The Cub’s Mistress” takes place in the last years of the Kingdom of Judah, encompassing the last part of the reign of Josiah and the reigns of Jehoiakim and Jehoichin. The Northern Kingdom (Israel) has long since disappeared at the hands of the Assyrians and its people have gone into exile. Assyria itself as been marginalized as the Babylonian Empire has extended its tentacles into the Levant. Many in Judah are foolishly looking to Egypt for protection against this threat from the East, and as a result Jerusalem has been heavily influenced by Egyptian culture. It’s in this setting where the first-person narrative of Moses, a member of the priestly class of Levites, takes place.
We follow the life of Moses from his earliest youth during the time of Josiah to his days as a young priest, as he discovers the moral and spiritual degradation that has infected the priestly class as well as Judean society in general. He wishes to remain loyal to Yahweh, but temptation comes his way in the form of Miriam, a beautiful temptress and married woman. What will happen when her husband finds out?
Targeted Age Group:: 15-100
What Inspired You to Write Your Book?
The book sprang from my historical Ph. D studies in Israel. As I was visiting historical sites, such as Jerusalem, I became curious about how people lived and what they thought about during those ancient days. The book takes the reader back to the declining years of Judah.
How Did You Come up With Your Characters?
The characters are a mix of biblical personalities, persons I know and a degree of myself.
Book Sample
As I wandered along the colonnades I met a lovely woman whose robe was of fine linen so transparent that her breasts and loins might be seen through it. She was straight and slender, her lips, cheeks and eyebrows were colored, and she looked at me with shameless curiosity.

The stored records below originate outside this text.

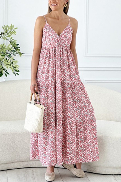 Hana Floral Spaghetti Strap Deep V Holiday Long Dress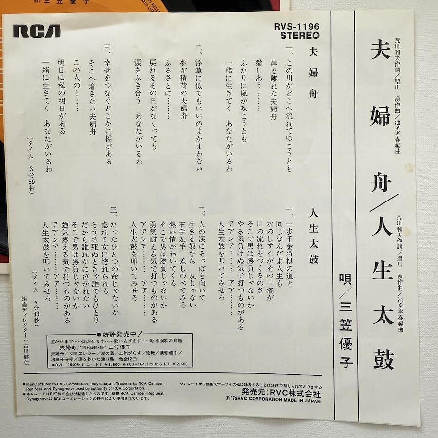 Yuko Mikasa "Fufubune" (Married Couple Boat) "Life Drum" Showa Era Vintage EP Record 7-inch Single Extended Play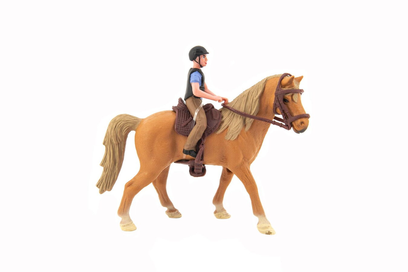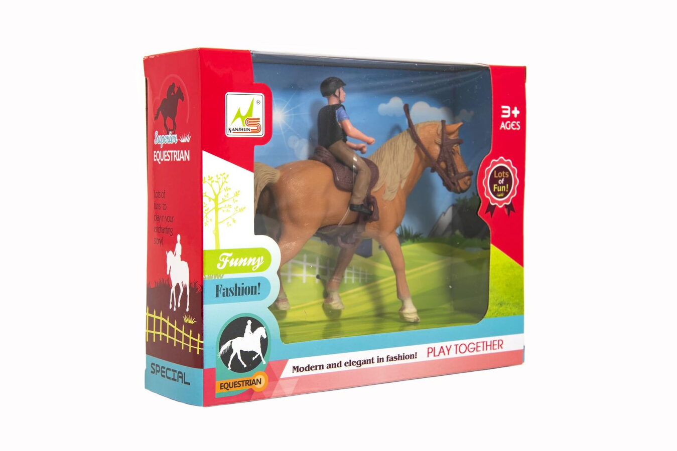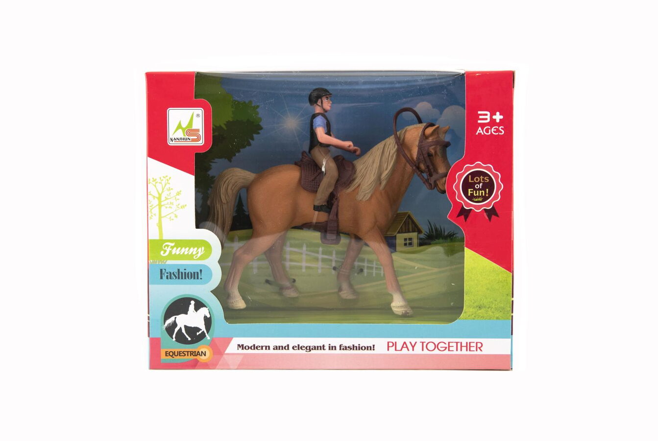 Všechny malé milovníky koní potěší žokej s koníkem s uzdou a sedlem. Žokej musí mít jezdecké oblečení a helmu. Hříva koně není česací. Vyrobeno z kvalitních a odolných materiálů.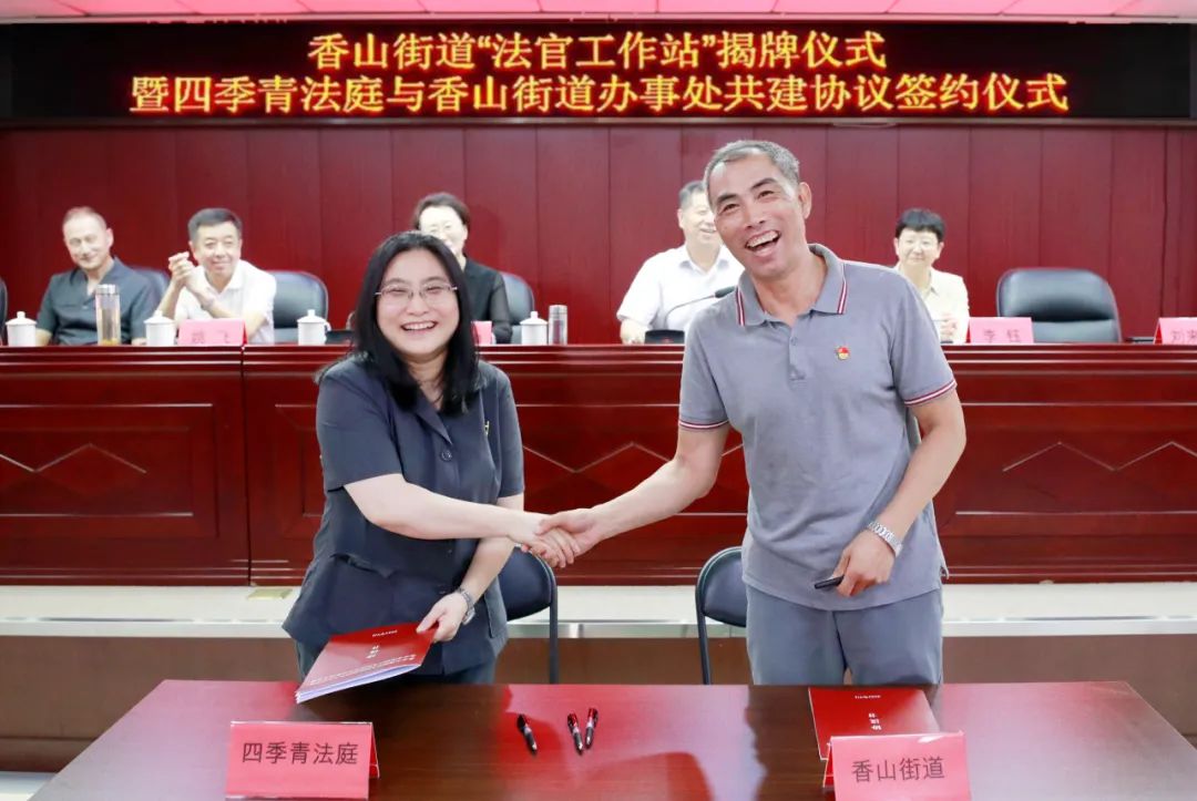 随后,海淀法院四季青人民法庭庭长周红与海淀区香山街道办事处主任刘来奇签订了共建协议。协议确认,双方将以“诉源治理”为主线,通过构建多元解纠、互访培训、精准普法、资源共享、协同送达等合作机制,从源头预防、减少街道矛盾纠纷发生,实现街道矛盾纠纷及时、高效、就地化解。协议中另对设立“法官工作站”、组建“街道调解团队”、建立预警研判机制、建立联动联治机制、建立12368“一号响应”诉源治理工作机制及推进人民法院调解平台“三进”工作等一系列具体事项进行了约定。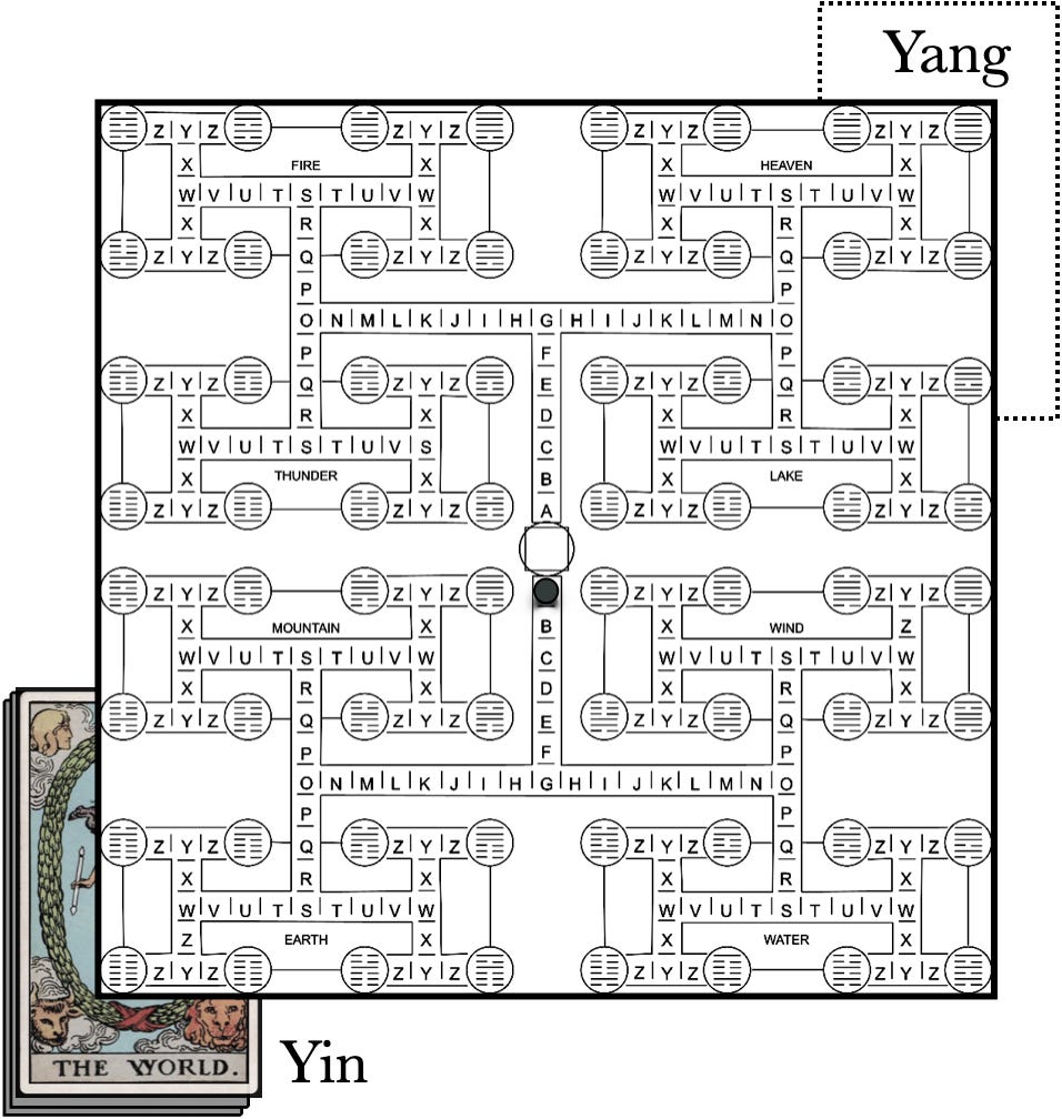 Note: You have now worked with 21 tarot cards. All the cards you have seen should be placed beneath the Hexatetraglyph board. The Yin cards are positioned at the bottom left corner, while the Yang cards are at the top right corner.

“What is your name, handsome boy?” she asked, her eyes lingering upon the white shoulder cloth that showed me to be a candidate for initiation for serving at the Temple of Solomon.
“Moses,” I answered in confusion, not daring to meet her gaze; but she was so beautiful that I hoped she would ask me to be her guide in the temple area. Such requests were often made of the novices.
“Moses,” she repeated thoughtfully, surveying me. “Then you must be unsure of yourself and fear powerful men.”
This was an allusion to the Moses of the Exodus, who was afraid to speak in front of the Egyptian Pharaoh, and it annoyed me; there had been enough of that teasing at school. I drew myself up and looked her in the eye, and her glance was so strange and clear and searching that I felt my face beginning to burn and a flame seemed to be running over my body.
“Why should I fear?” I retorted. “A priest fears only God, not men.”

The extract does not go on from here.